I have no regrets of what I just did today and It wasn't an Impusive move. (maybe It was, but it isn't.) I've thought about it.. and remember I did say I did want to get a tattoo.... well i did... i got it done and I have really nothing much to say.
"It's on the back of my neck area"
"JADE"
It's a very abstract design and it's the chinese word "Jade". Jade: for one to owe it and for it to be beautiful, one must have an infinity with it. It's just like me, If one can accept me, love me and be with me, they must have chemsitry, understanding and special bond with me. Then I shall be at my very best with them and put in my very best. It's a reminder to me, to put in my best for one with a bond with me, a chemistry with me, and love for me. You know who I am talking about and I won't give up trying. (James, if you are reading this, This is my reminder, this part of my life, I will not fail and I will not make another mistake.I have no regrets and my mind is set on only one thing) So LOL i don't know, everyone say it hurts, but I didn't feel that much pain.
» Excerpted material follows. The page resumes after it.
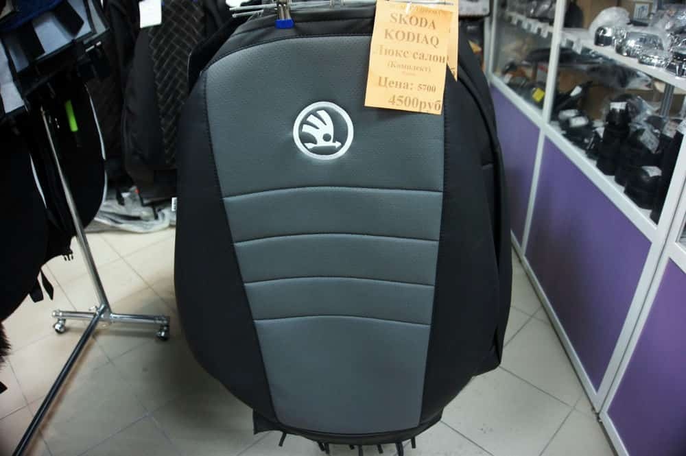 Авточехлы Skoda KODIAQ NS7 Шкода Кодиак 2016-2023г люксовый салон экокожа черно-серая
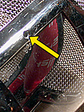 Das Herausfallen der Schraube ist nur eine Frage der Zeit. Und dann besteht etwa in Augenhöhe eine direkte Verbindung von Aussen in den Innenraum des Maske. Ein Stoß würde genügen, um schwerste Verletzungen am Kopf hervor- zurufen.

I didn't flinch, I didn't even cringe. My Pet Goldfish was like "You look so calm." Then I placed her hand over my chest and my heart was beating wildly, but my face was calm and serene. I guess my emotional pain has over taken my physical pain that I didn't feel it. I still do love him with everything I have and I have not regretted doing so. Wait for me, I shall prove my worth to myself... and to all...Numb, Focused and Detatched.